La Guerre contre la Pauvreté mérite une précision. Les données du Census Bureau montrent que les taux de pauvreté ont bien baissé à la fin des années 1960 — les défenseurs du programme ont raison sur ce point. Ce qui est plus difficile à défendre, c'est la suite : des dépenses soutenues aux rendements décroissants et contestés, un appareil administratif qui a grossi indépendamment des résultats, et une incapacité institutionnelle quasi totale à conclure que « moins » pourrait produire « plus ». La question n'est pas de savoir si un programme anti-pauvreté a jamais aidé quelqu'un. La question est de savoir si les institutions qui les pilotent étaient structurellement capables de recommander leur propre réduction. Soixante ans de données suggèrent que non.

La politique étrangère suit le même schéma. Chaque exercice raté de construction nationale produit de la littérature plutôt que de la responsabilité — des articles, des panels, des post-mortem rédigés par les mêmes personnes qui ont conçu l'échec. Le think tank ne ferme pas quand ses prédictions se révèlent fausses. Il organise une conférence.

Julien Benda avait vu la forme de tout cela il y a un siècle dans La Trahison des clercs : une intelligentsia qui avait abandonné la recherche désintéressée pour servir les intérêts de classe et le pouvoir institutionnel. Ce que Benda appelait une trahison est aujourd'hui une simple trajectoire de carrière. Elle ne se produit pas en un moment dramatique. Elle se produit subvention après subvention, promotion après promotion, jusqu'à devenir invisible à celui qui la commet.

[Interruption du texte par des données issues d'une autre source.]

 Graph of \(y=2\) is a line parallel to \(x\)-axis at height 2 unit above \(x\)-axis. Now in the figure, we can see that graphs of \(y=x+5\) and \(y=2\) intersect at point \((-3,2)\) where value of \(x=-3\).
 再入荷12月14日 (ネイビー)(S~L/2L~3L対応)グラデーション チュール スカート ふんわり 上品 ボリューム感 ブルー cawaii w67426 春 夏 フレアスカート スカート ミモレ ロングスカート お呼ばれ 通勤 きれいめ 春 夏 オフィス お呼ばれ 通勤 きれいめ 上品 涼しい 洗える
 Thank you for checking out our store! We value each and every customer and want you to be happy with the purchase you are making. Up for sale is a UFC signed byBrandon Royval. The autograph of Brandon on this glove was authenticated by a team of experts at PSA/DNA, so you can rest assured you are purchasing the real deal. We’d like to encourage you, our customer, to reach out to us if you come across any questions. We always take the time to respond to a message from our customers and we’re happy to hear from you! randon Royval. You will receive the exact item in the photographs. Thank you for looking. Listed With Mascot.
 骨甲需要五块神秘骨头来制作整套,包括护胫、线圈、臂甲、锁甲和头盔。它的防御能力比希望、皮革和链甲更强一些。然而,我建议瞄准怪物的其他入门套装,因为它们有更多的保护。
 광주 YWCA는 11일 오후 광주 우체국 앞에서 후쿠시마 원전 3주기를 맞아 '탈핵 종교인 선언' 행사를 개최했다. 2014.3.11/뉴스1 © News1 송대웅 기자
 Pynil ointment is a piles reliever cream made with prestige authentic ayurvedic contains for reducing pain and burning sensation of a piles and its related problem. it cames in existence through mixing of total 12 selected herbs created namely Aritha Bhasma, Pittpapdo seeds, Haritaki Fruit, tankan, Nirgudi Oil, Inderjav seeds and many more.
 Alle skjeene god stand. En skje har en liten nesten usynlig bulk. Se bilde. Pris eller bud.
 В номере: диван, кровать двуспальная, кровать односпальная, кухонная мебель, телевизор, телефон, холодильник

La complexité comme camouflage

Quand les défenseurs des institutions commencent à perdre l'argument sur le fond, ils le compliquent. L'école qui produit des diplômés illettrés n'a pas d'échec — elle fait face à « une interaction multidimensionnelle de variables socioéconomiques, d'inégalités historiques et de lacunes d'implémentation ». L'agence réglementaire capturée n'a pas de problème de corruption — elle navigue « un équilibre délicat entre engagement des parties prenantes et mandat d'application ».

Une partie de ce langage reflète une véritable complexité. Les résultats scolaires sont effectivement influencés par des facteurs socioéconomiques, et nier ce fait serait une autre forme de raisonnement motivé. Mais le signe révélateur est l'asymétrie : la complexité est invoquée de manière fiable quand les institutions font face à des critiques, et disparaît aussitôt qu'elles s'attribuent un mérite.

Dans L'Interventionnisme, Mises expliquait que chaque intervention engendre des distorsions qui semblent appeler de nouvelles interventions — produisant une classe d'experts dont l'autorité grandit proportionnellement aux problèmes que cette autorité a contribué à créer. La complexité n'est pas accessoire. Elle est structurelle.

L'esprit le moins possédé et ses limites

Celui qui est le plus susceptible de dire l'évidence sur une institution brisée est généralement celui qui a le moins à perdre en le disant. Les outsiders voient ce que les insiders se sont entraînés à ne plus voir.

Mais l'argument doit se retourner contre lui-même ici, sans quoi il ne prouve rien.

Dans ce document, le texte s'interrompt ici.